Rs. 13,500/- awarded by the Tribunal. Mangilal v. Pramod 1988 ACJ 307 (MP), was the case of a driver rendered unlit to work as such on

account of injuries sustained in the leg. He was aged 40 years at the time of the accident and overall compensation of Rs. 5,000/- including medical

expenses was held to be just. In M.P.S.R.T.C. v. Shyamkishore 1988 ACJ 658 (MP), the injured was a District Judge, handicapped in the

movements on account of injuries to both the legs and third rib. The award of Rs. 25,000/- as general damages was upheld in appeal. in

Lachiyabai v. Darshansingh Punjabi 1988 ACJ 920 (MP), an amount of Rs. 30,000/- as lump sum compensation was assessed by the Division

Bench including compensation for pain and suffering where a lady labourer was rendered almost crippled not able even to stand and walk, on

account of the accident.

9. Giving an anxious consideration to the comparable cases cited by both the parties, specially those decided by this court, I am of the opinion that

the amount of compensation awarded as general damages and as compensation for mental pain and suffering by the Tribunal appears to be

inordinately high and deserves to be reduced to Rs. 15,000/- and Rs. 5,000/- respectively. That would be just and adequate. The award on the

heads of loss of salary (Rs. 2,968/-) and as compensation for reimbursement for expenses incurred on special diet and medicines (Rs. 1,000/-) are

upheld. The claimant/respondent No. 1 is held to be entitled to an amount of Rs. 23,968/-in all. The claimant is a clerk and nothing has been

brought on record to show that on account of injury sustained in the leg his working efficiency for clerical job has been reduced. Also, the direction

of the Tribunal to tax the counsel''s fee at Rs. 2,000/- deserves to be set aside which should have been taxed as per scale.

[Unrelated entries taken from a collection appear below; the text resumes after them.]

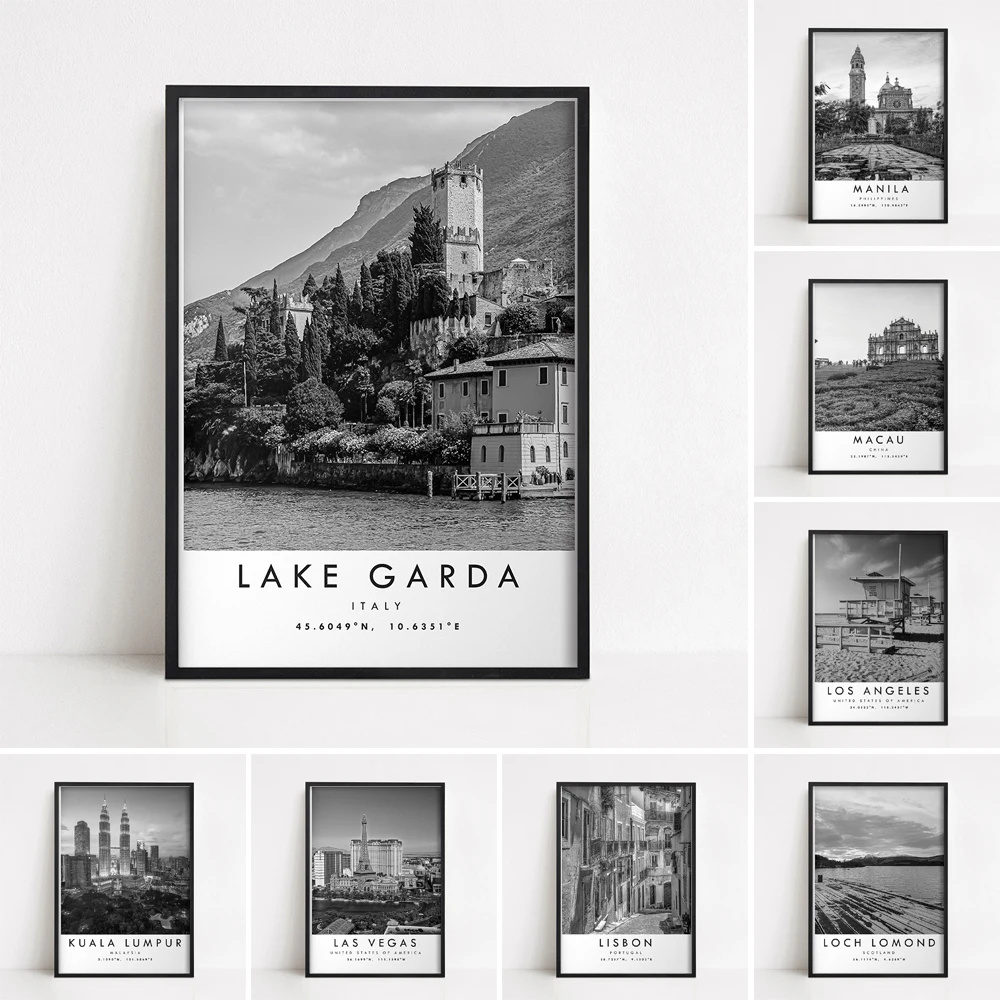 Постер с Италией с принтом озер Гарда для путешествий постер с Италией черно-белый для спальни домашний декор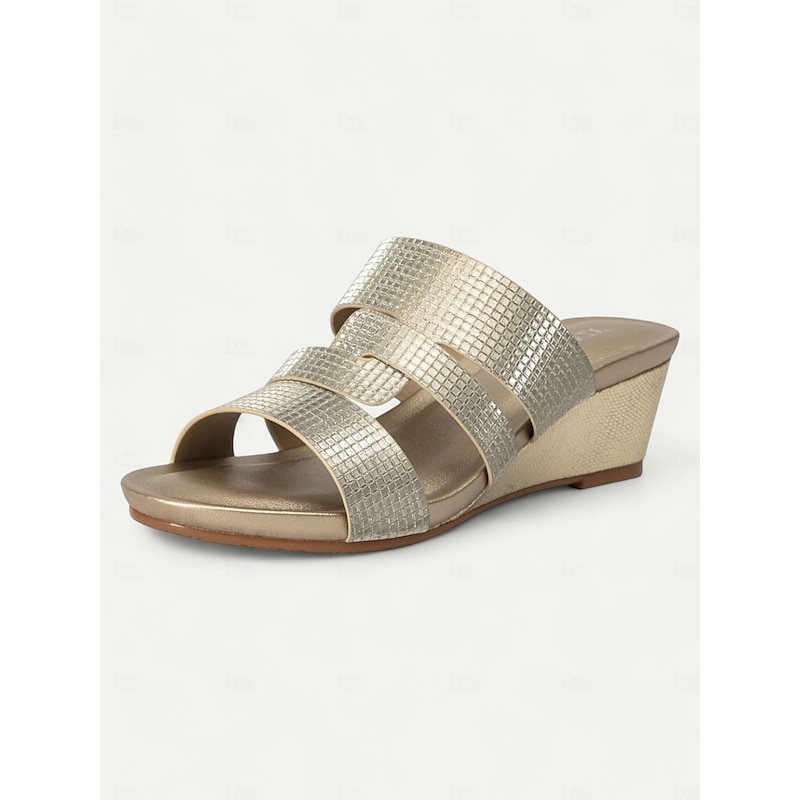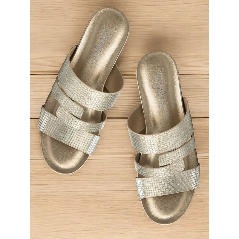 More information about Women's Metallic Slide Sandals with Textured Straps, Open-Toe Flat Shoes for Casual Summer Outings and Beach Wear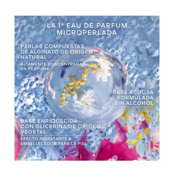 Descubre Florabloom Perle, el primer Eau de Parfum microperlado*. Concebida a medio camino entre el perfume y el tratamiento, captura la frescura de un ramillete de flores multicolores en una innovadora fórmula microperlada a base de agua. Una tecnología pionera* que combina la intensidad de las microperlas de perfume altamente concentradas con los efectos hidratantes de una base acuosa formulada sin alcohol.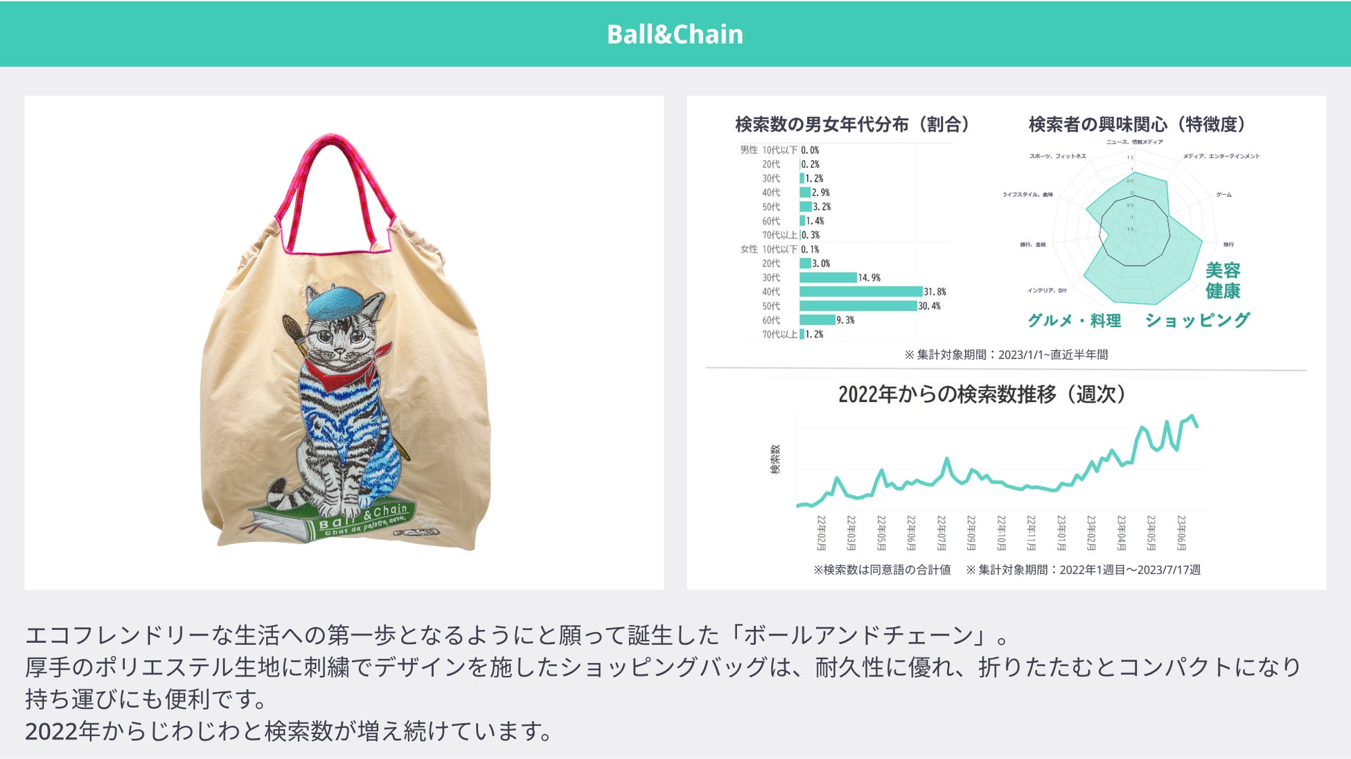 厚手のポリエステル生地を中心としたボディに、刺繍によるグラフィックワークが魅力的なバッグブランド。耐久性に優れ、折りたたむとコンパクトになり持ち運びにも便利です。2022年からじわじわと検索数が増え続けています。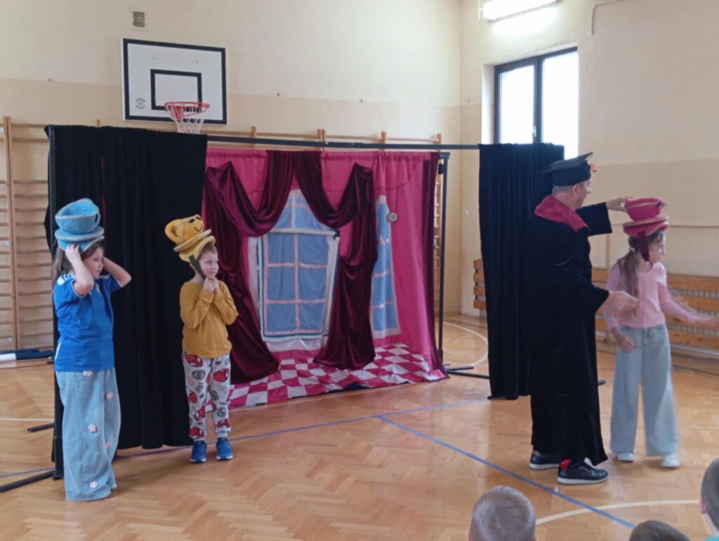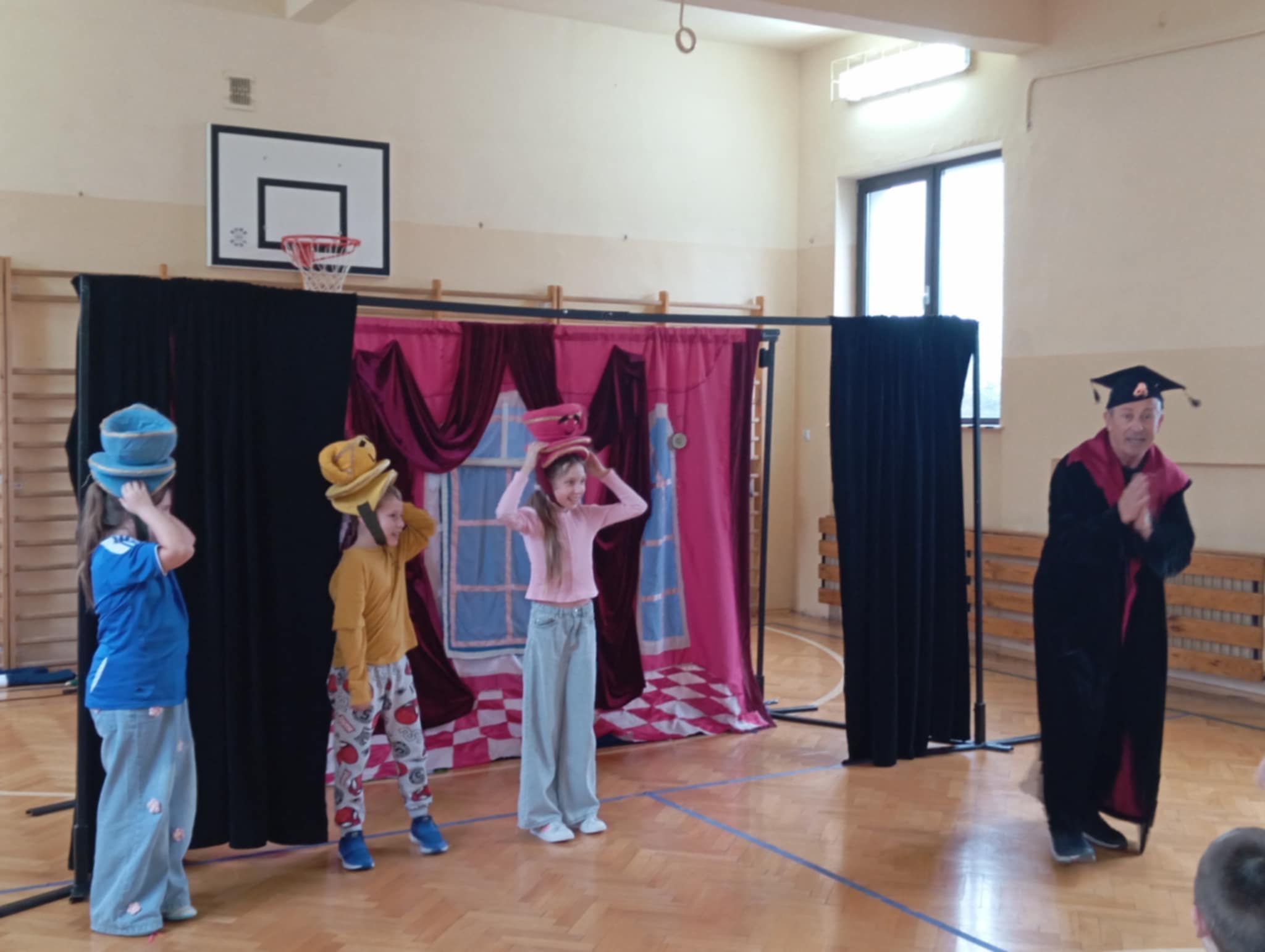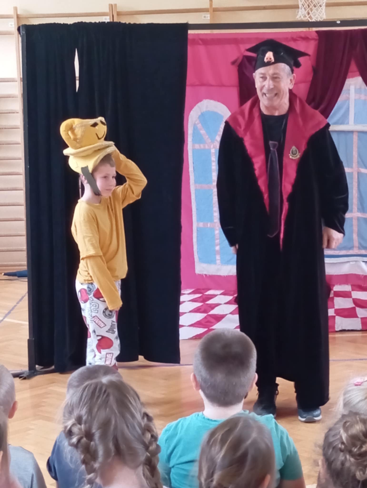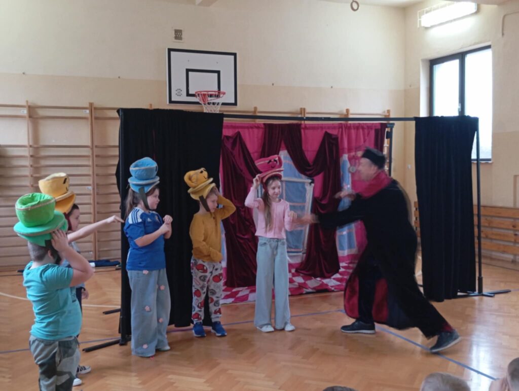 Dnia 02 grudnia 2025 roku najmłodsze dzieci PSP w Solcu nad Wisłą odwiedzili aktorzy Teatru Jana Brzechwy „Spichlerz” z Lublina. Wykonawcy przedstawili spektakl przygotowany w oparciu o utwór Jana Brzechwy pt. „Akademia Pana Kleksa”. Przedstawienie rozpoczął Adaś Niezgódka, który otwierał drzwi do wielu bajek: „Jaś i Małgosia”, „Kot w butach”, „Śpiąca Królewna”, „Piękna i Bestia”, itp. Okazało się, że jak to w bajkach, były też magiczne przedmioty- gadający świecznik, imbryk i rozbrykane filiżanki, którymi byli oczywiście nasi uczniowie.

10. The appeal is partly allowed. In supersession of the award of the Tribunal, it is directed that the claimant/respondent No. 1 shall be entitled to a

compensation of Rs. 23,968/- with interest at the rate of 12 per cent per annum (in place of 9 per cent per annum as ordered by the Tribunal) from

the date of the application till realisation. The claimant/respondent No. 1 shall also be entitled to his costs before the Tribunal but the counsel''s fee

shall be included in the costs as per scale. Costs in this court shall be borne by the parties as incurred. Counsel''s fee as per schedule, if certified.